The copy should hold exactly the lines below from the one that contains "Romp Remix Trio" through the one that contains "Футболка из полупрозрачного" and nothing else, so no pictures.

Data to process

⟨

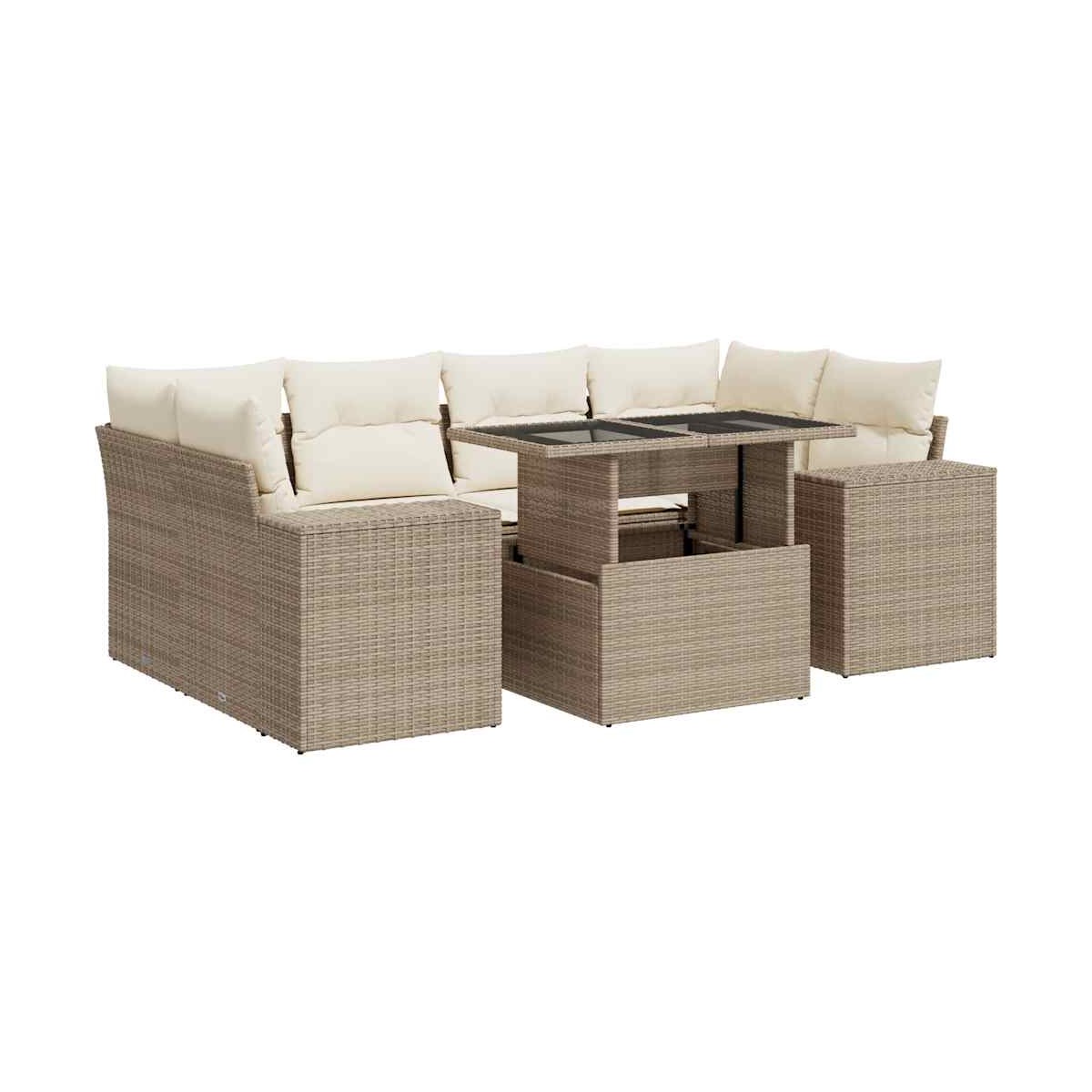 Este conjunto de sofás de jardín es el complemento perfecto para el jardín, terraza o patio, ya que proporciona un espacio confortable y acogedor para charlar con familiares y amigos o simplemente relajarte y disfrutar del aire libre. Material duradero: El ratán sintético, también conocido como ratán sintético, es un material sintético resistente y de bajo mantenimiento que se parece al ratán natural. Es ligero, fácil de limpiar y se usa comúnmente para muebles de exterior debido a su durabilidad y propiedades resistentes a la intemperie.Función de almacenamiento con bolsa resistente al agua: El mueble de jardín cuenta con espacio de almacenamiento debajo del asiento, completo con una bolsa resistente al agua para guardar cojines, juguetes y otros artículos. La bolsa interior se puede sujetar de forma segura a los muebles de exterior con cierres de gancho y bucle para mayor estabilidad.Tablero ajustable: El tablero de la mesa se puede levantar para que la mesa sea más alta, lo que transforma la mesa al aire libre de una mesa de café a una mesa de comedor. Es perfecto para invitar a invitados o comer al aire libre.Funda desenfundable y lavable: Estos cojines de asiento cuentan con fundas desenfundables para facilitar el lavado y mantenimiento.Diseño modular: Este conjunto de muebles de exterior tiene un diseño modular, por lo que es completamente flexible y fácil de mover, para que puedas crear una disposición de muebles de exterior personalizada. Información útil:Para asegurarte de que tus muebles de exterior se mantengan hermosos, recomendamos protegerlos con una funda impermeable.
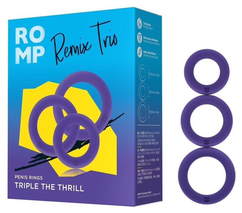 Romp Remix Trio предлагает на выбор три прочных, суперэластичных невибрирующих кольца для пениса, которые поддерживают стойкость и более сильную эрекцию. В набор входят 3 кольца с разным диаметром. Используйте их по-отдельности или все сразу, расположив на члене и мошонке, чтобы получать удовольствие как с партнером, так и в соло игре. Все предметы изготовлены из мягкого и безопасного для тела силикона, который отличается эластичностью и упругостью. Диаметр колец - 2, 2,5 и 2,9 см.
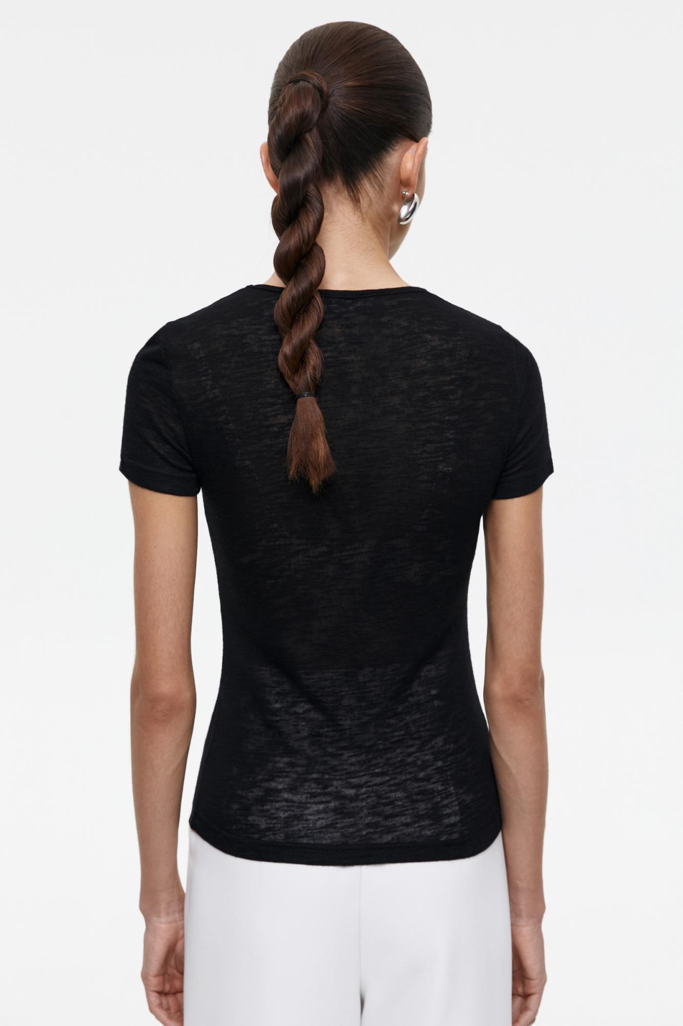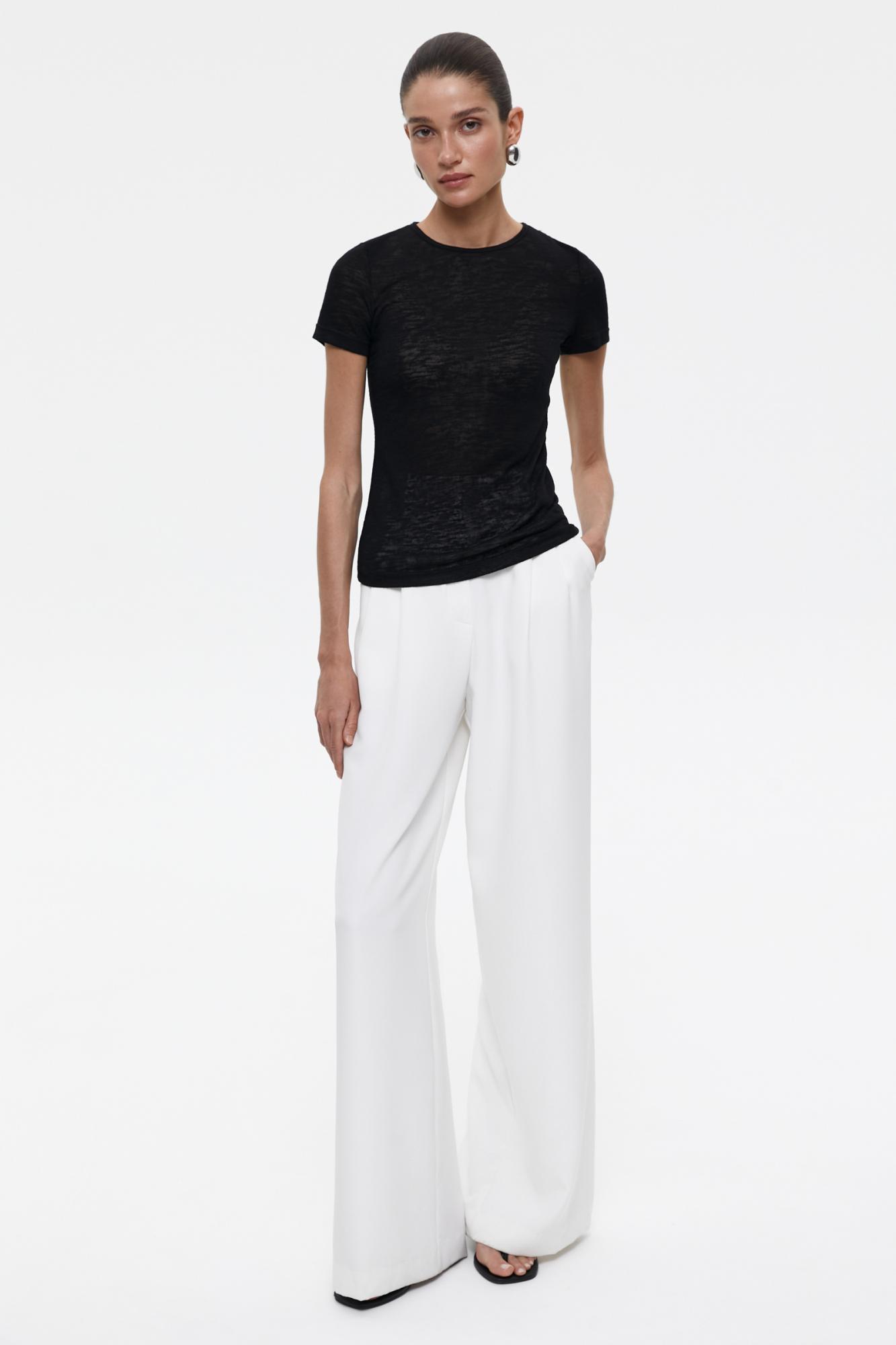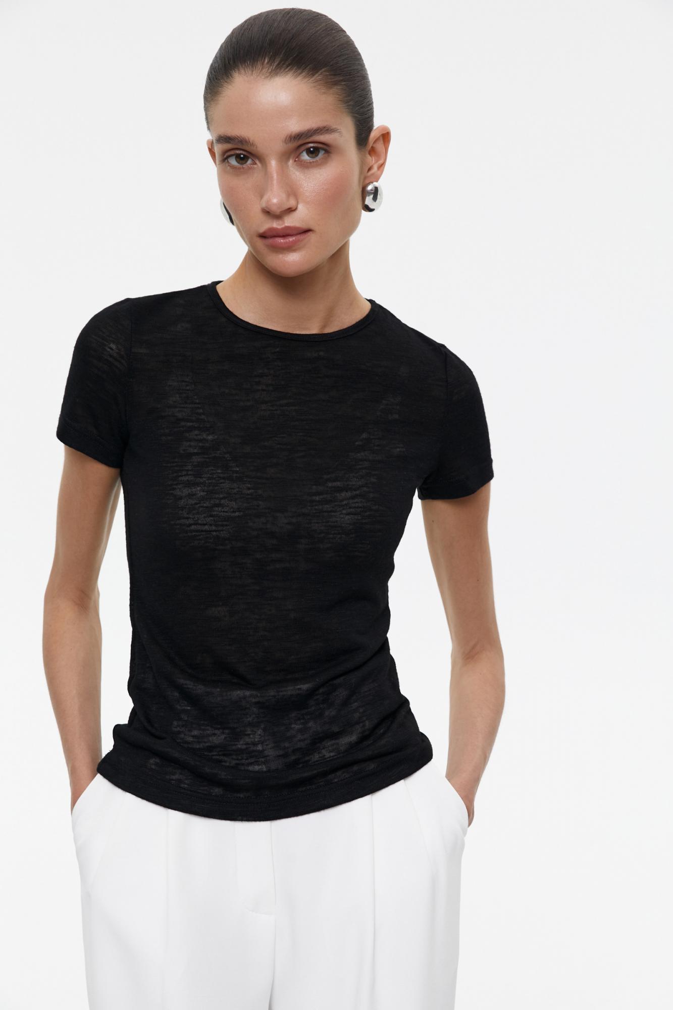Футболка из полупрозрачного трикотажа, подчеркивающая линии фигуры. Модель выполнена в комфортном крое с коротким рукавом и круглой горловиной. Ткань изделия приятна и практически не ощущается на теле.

⟩
⟨

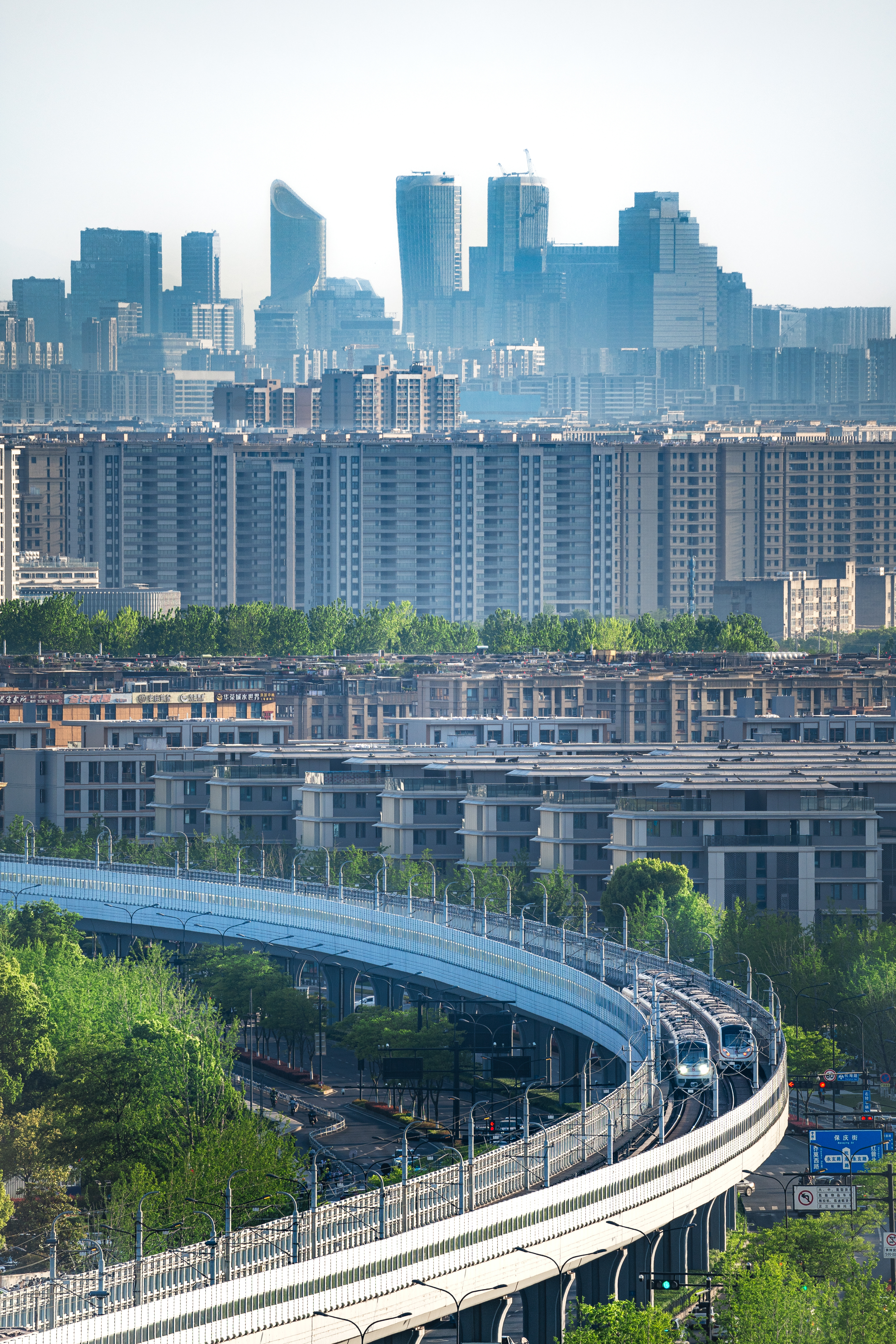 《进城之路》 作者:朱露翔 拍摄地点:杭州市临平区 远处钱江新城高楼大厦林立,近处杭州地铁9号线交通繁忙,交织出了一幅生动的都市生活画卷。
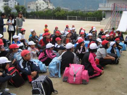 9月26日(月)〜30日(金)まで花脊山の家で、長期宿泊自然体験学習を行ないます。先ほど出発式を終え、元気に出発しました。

⟩
⟨

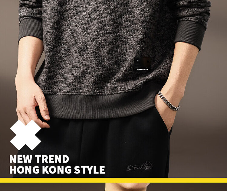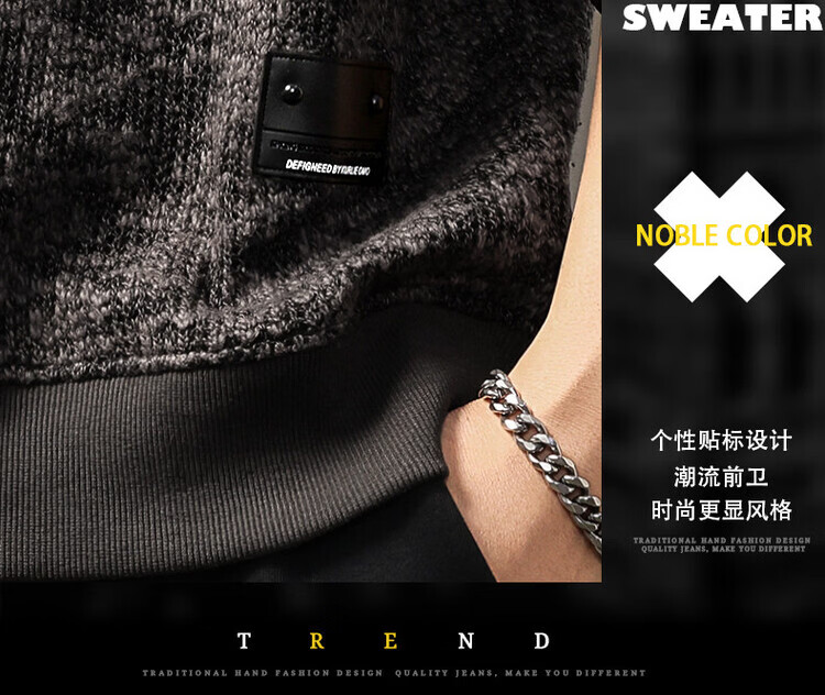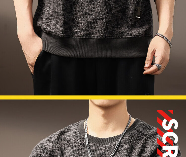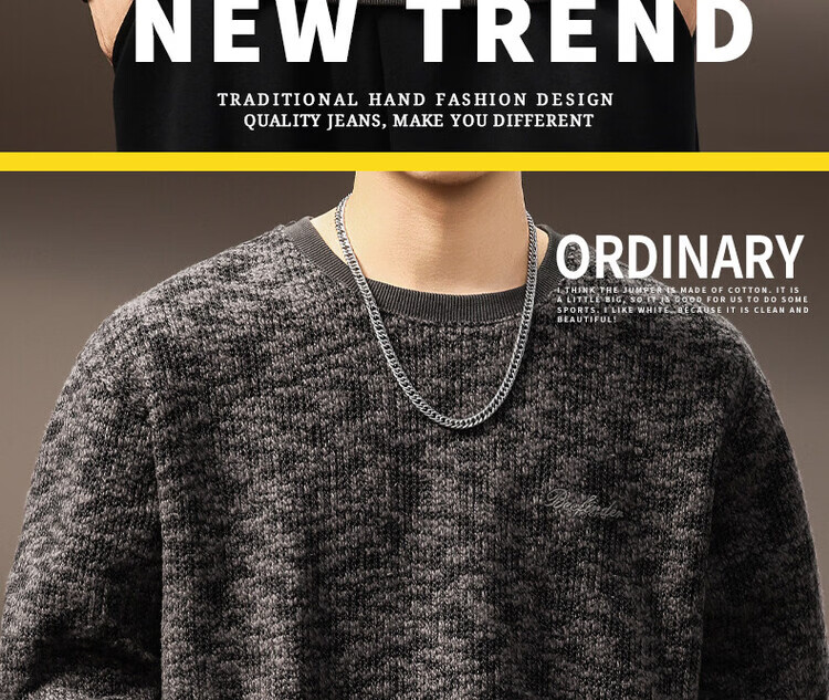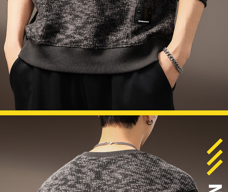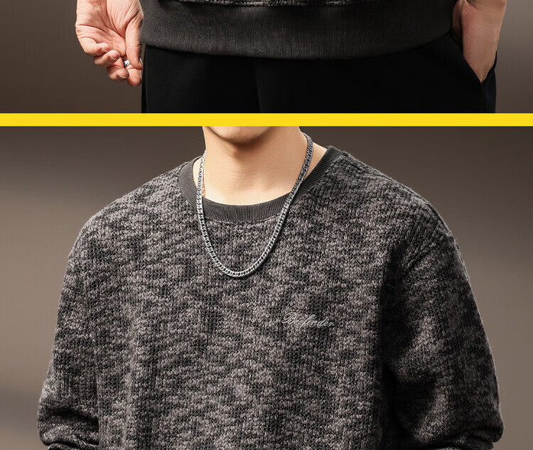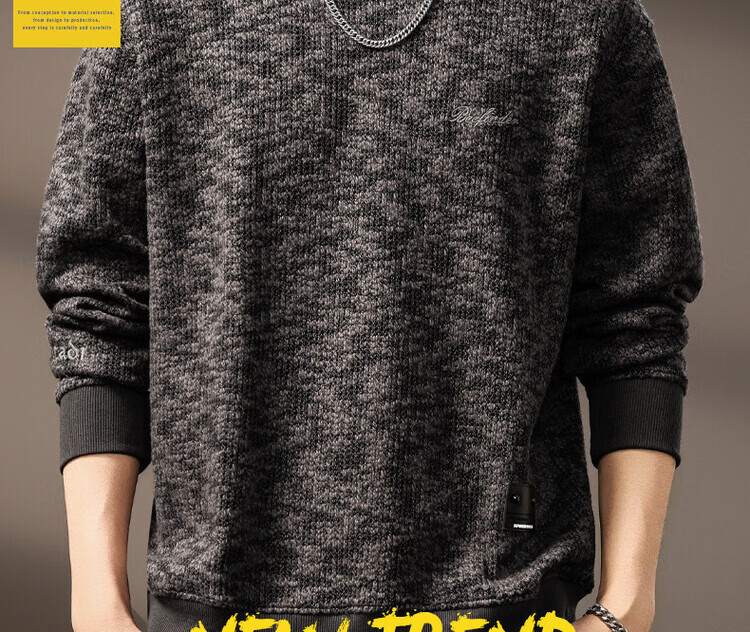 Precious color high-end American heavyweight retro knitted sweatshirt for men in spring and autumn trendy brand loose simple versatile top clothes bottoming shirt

⟩

Answer for the task
 Romp Remix Trio предлагает на выбор три прочных, суперэластичных невибрирующих кольца для пениса, которые поддерживают стойкость и более сильную эрекцию. В набор входят 3 кольца с разным диаметром. Используйте их по-отдельности или все сразу, расположив на члене и мошонке, чтобы получать удовольствие как с партнером, так и в соло игре. Все предметы изготовлены из мягкого и безопасного для тела силикона, который отличается эластичностью и упругостью. Диаметр колец - 2, 2,5 и 2,9 см.
Футболка из полупрозрачного трикотажа, подчеркивающая линии фигуры. Модель выполнена в комфортном крое с коротким рукавом и круглой горловиной. Ткань изделия приятна и практически не ощущается на теле.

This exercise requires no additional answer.